Google Groups no longer supports new Usenet posts or subscriptions. Historical content remains viewable.
Dismiss

Memory problem on STi w/PRI ?

1 view
Skip to first unread message

Gabriele Delconti

unread,
Dec 21, 1997, 3:00:00 AM12/21/97
to

Our WAN is based on one NetBlazer STi w/PRI at central site and 22 LSi
connected to the central site through ISDN lines.

After a couple of hours from rebooting the STi stops processing logins
from other sites. All the incoming calls become locked at login phase as
showed by "line list" command.
Telnet sessions are also rejected while outgoing calls are processed
regularly.
After another couple of hours, usually in the morning when the routed
traffic increases, the STi reboots from itself.

These logs are taken from console:

### Results above obtained immediately after rebooting (system working
ok)

kpmg-mi:Top>Configure>Debug> mem
Memory usage status:
text start 8000 (901120), data start e4000, bss start f34bc, end 10350c
heap base 103510 size 7187184 avail 5643288 (78%) low mark 5228352 (72%)
allocs 2291 frees 738 (diff 1553) mfails 0 garbage 0 splits 177
mbuf: allocs 1096 frees 1084 (diff 12) dups 0 fails 0
small mbuf size: 140 large mbuf size: 1514 (1514)
large queue: dequeued 246 queued 346 (diff 100)
small queue: dequeued 897 queued 1097 (diff 200)
free queue: dequeued 0 queued 0 (diff 0)
1077 strings allocated, 78 too big (for zone), 67 freed, length changed
0
kpmg-mi:Top>Configure>Debug> mem max
5118660


### Results above when the login problem is present

kpmg-mi:Top>Configure>Debug> mem
Memory usage status:
text start 8000 (901120), data start e4000, bss start f34bc, end 10350c
heap base 103510 size 7187184 avail 5485752 (76%) low mark 5224536 (72%)
allocs 229448 frees 227461 (diff 1987) mfails 0 garbage 0 splits 175
mbuf: allocs 484441 frees 484341 (diff 100) dups 8 fails 0
small mbuf size: 140 large mbuf size: 1514 (1514)
large queue: dequeued 165096 queued 165198 (diff 102)
small queue: dequeued 320253 queued 320455 (diff 202)
free queue: dequeued 0 queued 0 (diff 0)
7092 strings allocated, 2116 too big (for zone), 5331 freed, length
changed 0
kpmg-mi:Top>Configure>Debug> mem max
5164668


The STi is 3.1 patch lev.13. Similar behaviour is obtained under any
patch level from 4 to 13.


Any help, also in the form of advice for further inquires, will be very
appreciated.

Gabriele Delconti
KPMG S.p.A.

Gabriele Delconti

unread,
Dec 22, 1997, 3:00:00 AM12/22/97
to

Scooter wrote:
>
> Is this a recent development? How long has it been doing this? This seems
> like it's an older machine judging from the version of code being run. The
> current levels of code are 3.3 and 3.32 .

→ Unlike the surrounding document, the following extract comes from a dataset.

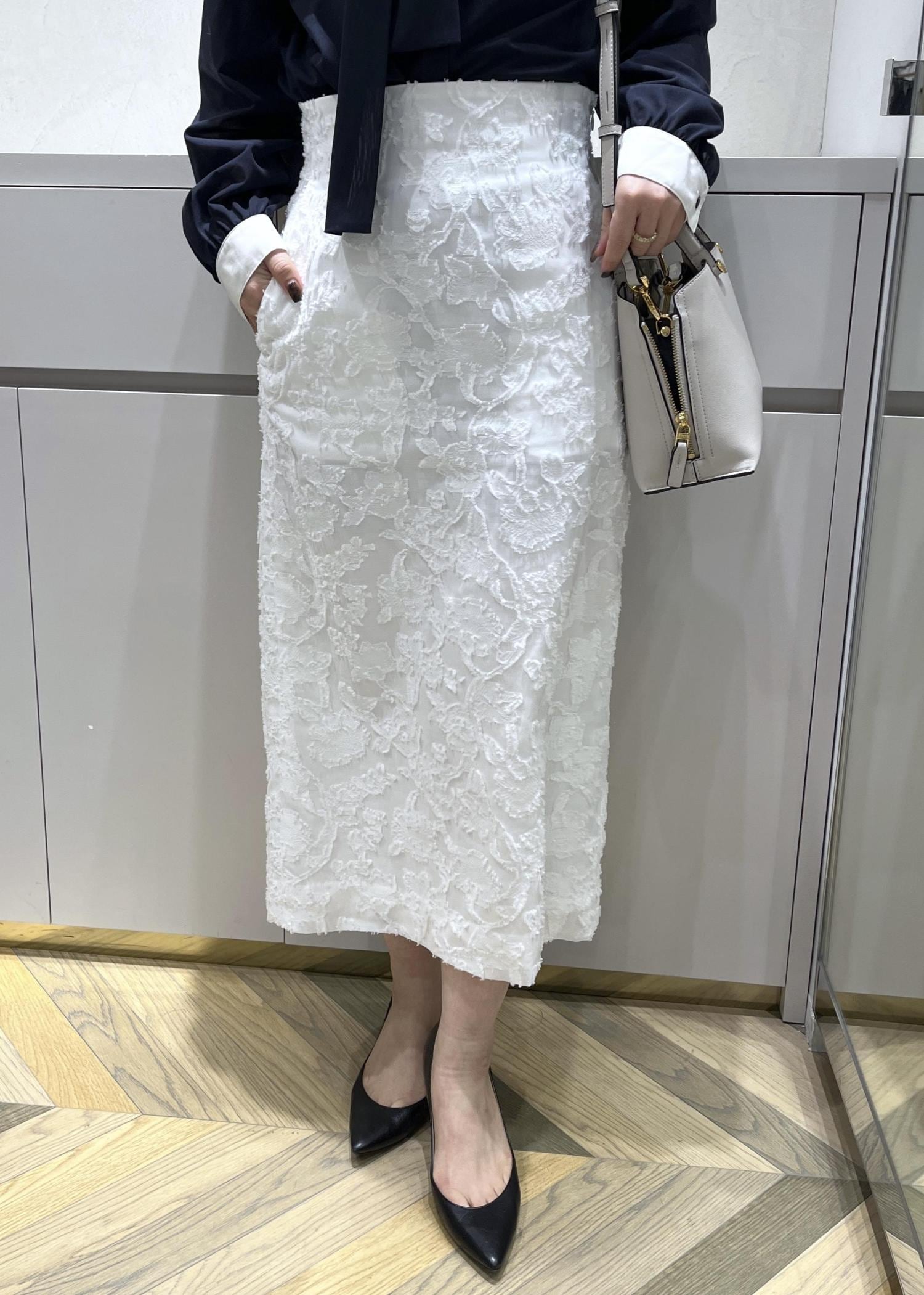 ROPÉジャガードタイトスカート/セットアップ対応ホワイト / 36¥28,600レビュー36サイズを着用しています。

About 10 months of regular working. Than the problem has been
sporadically noted. Now, with increased routed traffic and subsequent
calls, the proble is every 6-8 hours.
No new hardware has been added since the first deployment so version
3.3x is not needed/requested.
Current configuration is: STi 8Mb, PRI card - 15 channels used, nothing
else connected except for serial console.


> Try mem leak. An leaks?

kpmg-mi:Top>Configure>Debug> mem leak


Memory usage status:
text start 8000 (901120), data start e4000, bss start f34bc, end 10350c

heap base 103510 size 7187184 avail 5481432 (76%) low mark 5228352 (72%)
allocs 324349 frees 322443 (diff 1906) mfails 0 garbage 0 splits 177
mbuf: allocs 1109838 frees 1109738 (diff 100) dups 226 fails 0


small mbuf size: 140 large mbuf size: 1514 (1514)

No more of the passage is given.